Das made his directorial debut with the Telugu film Loguttu Perumallakeruka in 1966, starring Sobhan Babu and Rajasri. Although the film did not achieve commercial success, it marked the beginning of his directorial career.

=== Rise to Prominence ===
Das gained widespread recognition with the 1969 film Takkari Donga Chakkani Chukka, which marked the beginning of his successful collaboration with actor Krishna. Over the years, he directed over 30 films with Krishna, including notable hits like Bangaru Kutumbam (1971) and Mosagallaku Mosagadu (1971). The latter, often regarded as the first Indian cowboy film, became a trendsetter and was dubbed into multiple languages, including English.

Known for his action-oriented films, Das introduced the concept of full-fledged action films to Telugu cinema with Rowdy Raani (1970). His film Mosagallaku Mosagadu was a milestone in Indian cinema. Despite his reputation for action films, Das also demonstrated his versatility by directing family dramas like Annadammula Savaal, Mama-Allulla Savaal, Girija Kalyanam.

=== Kannada cinema ===
In 1975, Das expanded his scope by entering the Kannada film industry. He directed over 20 Kannada films, including significant works such as Sahodarara Savaal, Snehithara Savaal, Chinnadhantha Maga, and Bangaaradha Gudi. His film Khaidhi was a major success and played a crucial role in boosting Dr. Vishnuvardhan's career. Das directed a total of 12 films with Vishnuvardhan and also worked on the acclaimed film Thirugubaana with Ambareesh.

=== Collaborators ===
Throughout his career, K. S. R. Das collaborated with many leading actors in the South Indian film industry, including Chiranjeevi, Rajinikanth, Vishnuvardhan, and Sobhan Babu. Notably, he directed over 30 films with Krishna and 12 films with Vishnuvardhan. Das's prolific output includes around 100 films across Telugu, Kannada, and other languages, solidifying his reputation as one of the most successful directors of his era.

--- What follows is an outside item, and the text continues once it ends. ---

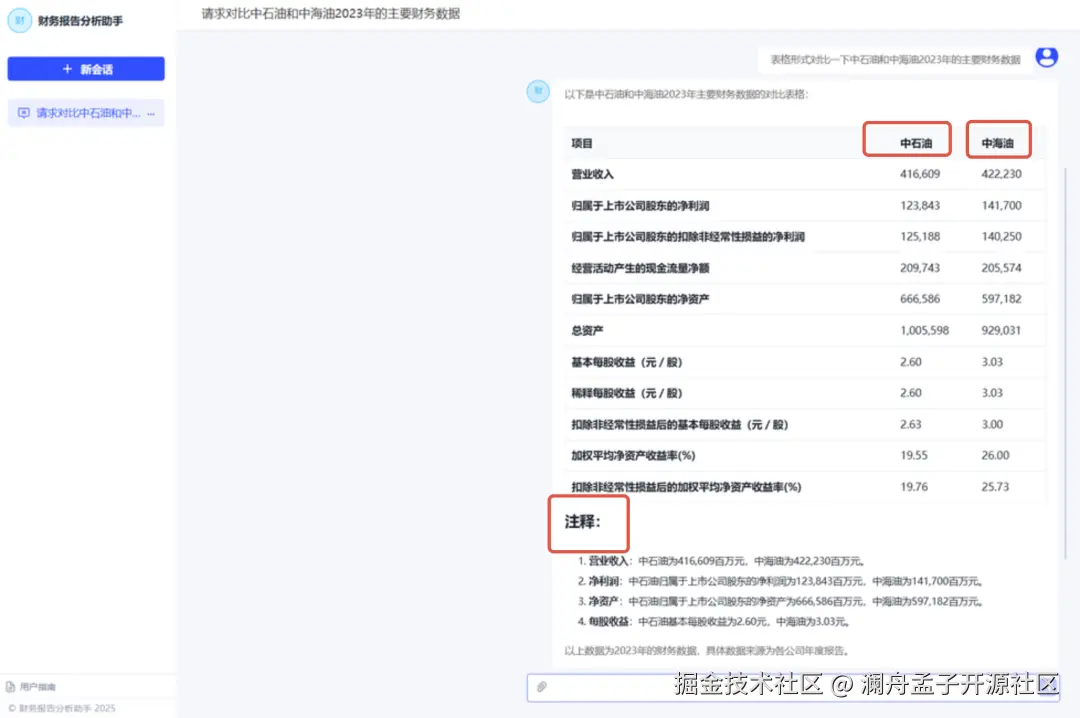 例如,向「财务报告分析助手」提出请求,要求“以表格形式对比中石油与中海油2023年的核心财务数据”。小助手迅速响应,提供了详尽的数据对比表格,并附加了贴心的注释说明,极大地方便了用户的分析与理解。

In addition to his primary directorial work, K. S. R. Das also served as a second unit director for action sequences. He contributed to Alluri Seetarama Raju (1974) following the sudden demise of Ramachandra Rao, who had directed the film's initial ten days of shooting. Although Krishna wished to credit Das as the film's director, Das declined, honoring Ramachandra Rao's vision and was credited as the second unit director. For Kaalaantakulu (1978), Das assisted K. Viswanath by directing the action sequences, as Viswanath sought help in areas where Das's expertise was particularly strong.

== Personal life ==
K. S. R. Das married Nagamani Devi in 1964. They had three children: two daughters and a son. The family lived in Bangalore for many years before moving to Chennai later in life. As per Nagamani Devi, despite acquiring some assets after relocating to Bangalore, their investments in films led to significant financial losses.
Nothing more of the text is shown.